Excesso de zelo ou repristinação? | Por Rosildo Barcellos

Na verdade tenho uma tríade de assuntos para tratar neste artigo e acredito que todos tenham relevância a uma grande parte da sociedade.Em primeiro lugar trato do excesso de zelo de revogar o que já está revogado ou desconhecimento que não há repristinação que não seja expressa.Está sendo assim com a Resolução 360/10,publicada em primeiro de outubro pelo CONTRAN, que condensa as Resoluções 193/06 e 345/10, que passam ao status de revogadas.É interessante notar que os artigos 29 a 32 da Resolução 168/04, que já estavam revogados desde 2006, foram revogados novamente pois a nova normativa revoga as Resoluções Contran 193/06, 345/10 e art. 29, 30, 31 e 32 da Resolução n° 168/2004.Por conseguinte  comparando o texto da nova Resolução com o das antecessoras, a única diferença visível está nos Art. 1º e 2º, com a substituição da expressão “natural de país estrangeiro” por “oriundo de país estrangeiro”, o que vem corrigir uma contradição, especialmente quando o condutor em questão era brasileiro naturalizado e não natural de país estrangeiro. Numa leitura rápida entende-se que o estrangeiro, após 180 dias da entrada no país, deverá obter a habilitação brasileira, na verdade esse tempo passa a contar a partir do momento que o condutor recebe o visto permanente, comprovado pela posse da Cédula de Identidade de Estrangeiro.

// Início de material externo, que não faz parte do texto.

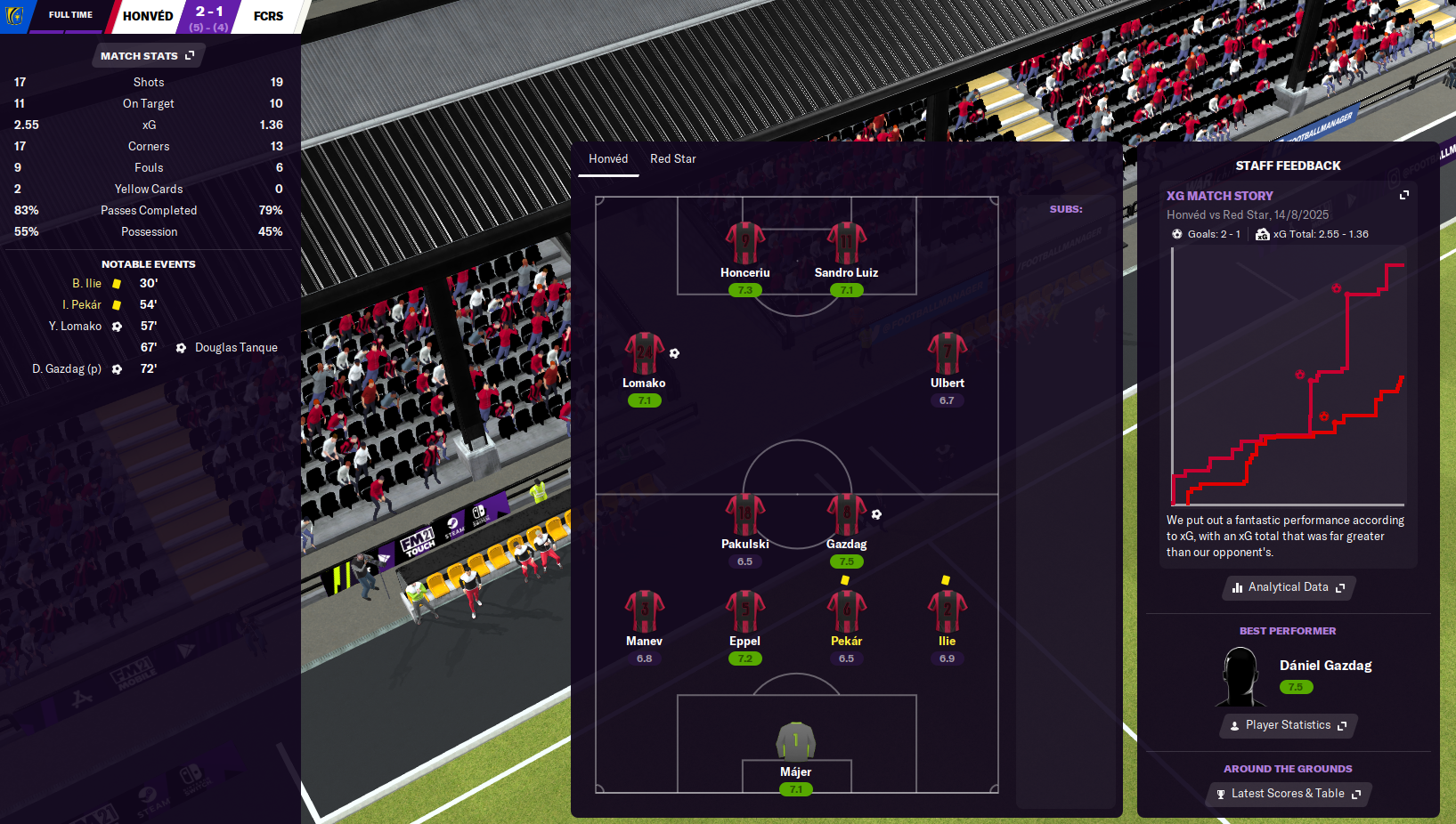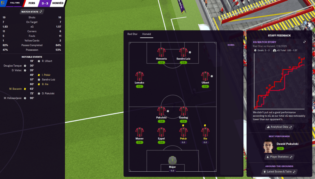 A much tougher test followed against former European champions Red Star Belgrade. The away leg was first this time and Honvéd started well with Lomako crossing for opposite winger Renátó Ulbert to open the scoring. Red Star came flying back to lead 2-1 at the break but Honvéd didn’t wilt and Sandro Luiz’s first of the season then a Dawid Pakulski screamer restored their lead. The Serbian side nicked a late equaliser to make it 3-3, but what a game and a solid result. The return leg started slowly but Lomako opened the scoring just before the hour mark, Red Star equalised, then Sandro Luiz won a penalty that Daniel Gazdag tucked away to seal a 2-1 win and cause a major upset.

A exigência da tradução para as habilitações estrangeiras aparentemente foi extinto com a publicação da Resolução 345/10 (fato mantido pela 360/10). Sendo necessário apenas que o condutor porte a carteira de habilitação estrangeira, dentro do prazo de validade, acompanhada do seu documento de identificação o que vem a facilitar a fiscalização.No caso do condutor estrangeiro portar somente a Permissão Internacional para Dirigir – PID, está deverá estar de acordo com o modelo estabelecido pela Convenção de Viena, ou seja, livreto formato A6 (14,8 x 10,5 cm), capa cinza e páginas brancas, conteúdo escrito em francês, espanhol, inglês e russo, mais a língua do país de origem.

Um segundo assunto que tenho a tratar versa sobre o DPVAT,aonde ressalto que para acidentes anteriores a 2007, a indenização do Seguro de Danos Pessoais Causados por Veículos Automotores de Via Terrestre (DPVAT) é devida integralmente ao companheiro da vítima. A situação é desta forma porque até o ano de 2007 a questão era  regida pela Lei n. 6.194/1974, que determinava o levantamento integral do valor da indenização do seguro DPVAT pelo cônjuge ou companheiro sobrevivente. Apenas na falta desse beneficiário seriam legitimados os herdeiros legais. Entretanto a sistemática foi alterada com a Lei n. 11.482/2007. E atualmente  a indenização é paga na forma do artigo 792 do Código Civil. Isto é: o valor da indenização deve ser dividido simultaneamente em partes iguais, entre o cônjuge ou companheiro e os herdeiros do segurado. Ressalto que essa norma incide sobre acidentes ocorridos a partir de 29 de dezembro de 2006.

E o terceiro assunto entendo como polêmico tanto quanto a cadeirinha,pois está exigindo o equipamento e o mesmo continua longe das prateleiras, e este é o caso do recall. Porque carros, caminhões e motos cujos donos não comparecerem para resolver o problema ficarão marcados, o que pode reduzir o valor de venda do veículo.E assim será devido porque as informações farão parte do Sistema de Registro de Avisos de Risco de Veículos Automotores, que está sendo criado pelo governo.Como esse sistema será, na verdade, um item dentro do Renavam, a vinculação vai ser automática.Assim quando a montadora avisar os consumidores que fará um recall de determinado produto, também vai informar o sistema Denatran sobre os veículos que serão alvo da campanha e por conseguinte uma inclusão célere será aposta no Renavam.Somente quando os clientes resolverem o problema,é que  as montadas avisarão para que seja dado a baixa necessária no no registro. Agora convenhamos não existe um prazo definido para  que a indústria venha a informar que o cliente já levou seu carro para o ajuste e de mais a mais muitos de nós nem tomamos conhecimento das chamadas realizadas; haja vista, que de janeiro a agosto deste ano foram registradas 38 convocações de recall, sendo 30 de carros e 8 de motos ou seja, esses casos envolveram mais de 1 milhão de veículos, entre eles 204 mil motos;mas quantos ficaram sabendo? Acredito que uma grande quantidade de pessoas não fica sabendo e uma outra nem dá a devida importância.É mais uma preocupação para todos nós.Se pode complicar…pra que facilitar!